I have been reading the book "Introduction To Statistics, A Customised Edition of Statistics For Business and Economics" by P. Newbold et al.
As I understand their statement of classical probability:
...Classical probability is the propertion of times that an event will occur assuming that all outcomes in are sample space a equally likely to occur...
So as I understand it, we assume each outcome is equally likely, so for, say a die roll my sample space, the set of all possible outcomes of a random experiment, is {1, 2, 3, 4, 5, 6}.
Ie.
$$ P(A)=\frac{number\ of\ outcomes\ relevant\ to\ event\ A}{total\ number\ of\ outcomes} = \frac{N_A}{N} $$
My first question had been:
- Is it correct to say that we have to assume each outcome is equally likely?

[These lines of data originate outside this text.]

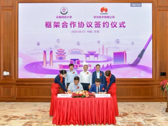 6月7日,437必赢会员中心与华为技术有限公司在东莞华为松山湖基地签署框架合作协议。华为技术有限公司副总裁、公共事业系统部总裁李俊风,华为云南总经理曾涵,必赢官网党委书记张祖武,党委常委、副校长甘健侯出席签约仪式。
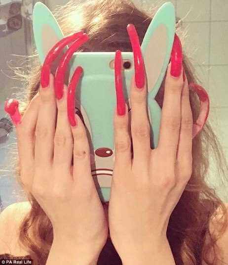 Simone Taylor, 16 anos, que mora em Nuremberg, na Alemanha, não corta as suas unhas há três anos e por esse motivo teve que reaprender até mesmo a fazer tarefas diárias básicas. Atualmente, suas unhas estão medindo 14,8 (polegar) a 12 centímetros (demais dedos) e estão dificultando a vida da adolescente.
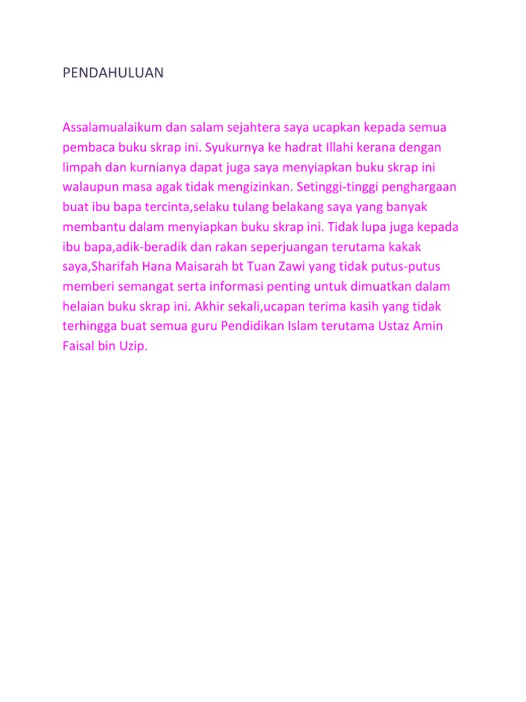 Contoh Penutup Untuk Buku Skrap Fontoh Otosection. PENDAHULUAN TUJUAN Buku skrap ini dihasilkan bagi menyempurnakan 15 daripada markah keseluruhan bagi subjek Pengajian Malaysia MPU 2113 untuk Program Diploma di Kolej Islam Antarabangsa Sultan Ismail Petra KIAS Nilam. Contoh Penutup Folio - Contoh Pendahuluan Untuk Buku Skrap Jawkosa Otosection.
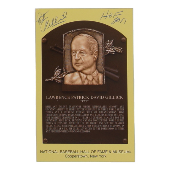 Pat Gillick Signed Hall of Fame Plaque Postcard Inscribed "HOF 2011" (JSA)
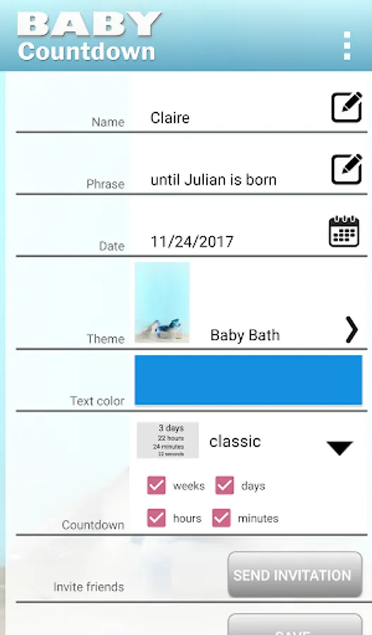 Just set the expected delivery date and the name of your baby and see how long it takes until your baby will be born :)

My thinking had been this: So if I want the probability I roll a 6, for example, the number of relevant outputs is len({6}) = 1 and the total number of outcomes is len({1,2,3,4,5,6}) = 6, so I would say P(6) is 1/6.
But what if my dice is unfair. How can I represent this in classical probability? The number of outcomes remain the same... what tools does classic probability have to allow for this? Or is this where relative frequency probability is required?
The reason I was asking is that I couldn't see how we could, using classical probability, model a biased dice for example. I think now that it can't and that to model events of unequal probability we need relative frequency probability.
All I was asking for was confirmation that my thinking on this was correct. It seems there has been quite dome disagreement on it, but above is a verbatim quote from the book.
So... given this, the book also makes the following definitions:
Sample Space = The set of all possible basic outcomes from a random experiment.
Population = The complete set of items or "events" of interest. Size is very large, denoted N, possibly infinite.
So my next question had been,
- Is the "sample space" in this case (for classical probability) also the population? .
Still not sure if sample space is the same as population: I have understood "sample space" as "the set of all possible basic outcomes from a random experiment." I have understood population as "the complete set of items or "events" of interest"... so surely all possible results of an experiment must be the complete set of items of interest, so the two terms are equivalent? This seems wrong to me, but I don't have a grasp as to why?
In fact even in relative frequency probability, how do these two terms really differ.